I understand for some people who do not work in health care, or who do not have loved ones working in health care, it may be hard to understand the true impact that COVID-19 is having on peoples' lives. I understand that some may be denying their own reality because of fear of the unknown. I understand that amongst all this chaos and unfamiliarity, we are all trying to process what is happening. But remember that everyone is processing this differently, so I urge you to think before you speak. You don’t know who will be triggered by the fear, anxiety, trauma, feelings of aloneness, and extreme pain that one may be going through at this time.

While I have seen awareness, I have also seen ignorance. While I have seen compassion and kindness, I have also seen greed and neglect. While I have seen selflessness, I have also seen selfishness. Being told to stay in the comfort and safety of your own home is not a punishment; it is a privilege. So be grateful for that, because right now, there are people who don’t have that option. You are being asked one simple thing, to STAY HOME. So please just do it.

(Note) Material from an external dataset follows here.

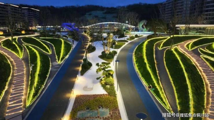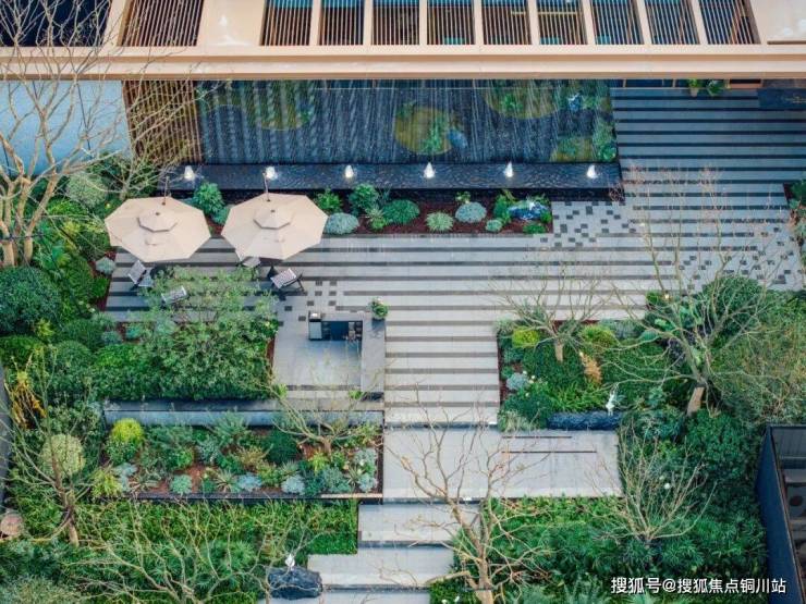 在玻璃围挡的外侧,那高低错落的景台,清脆悦耳的潺潺叠水,让这一份度假氛围感有了更为灵动的表达,未来这里也将会是业主南向回家动线的第一眼风景,以“流水之韵伴归家”的美好,打开诗意生活的第一页。

Do it for the health care workers on the front lines who are working tirelessly day in and day out, risking their own lives to save the lives of others. The same health care workers who are pulling masks and gloves from the day before out of a brown paper bag due to the limited supply of personal protective equipment. Do it for our first responders, child-care workers, sanitation workers, grocery store workers, and all of our other everyday heroes who deserve equal acknowledgement and admiration. Do it for the elderly, the children, and your own family whose lives are all at risk.

Thank you to those out there who are working diligently to help put an end to this pandemic. And thank you to those out there who are staying committed and putting forth effort to stay home. You are making a bigger difference in this world than you may realize. You are appreciated, you are loved, and you are not alone in this.

Montara Tomasetti is a graduate student at the University of Connecticut and will graduate in May with a Master's in Special Education degree. Montara plans to work with children on the autism spectrum. She lives in Waterford.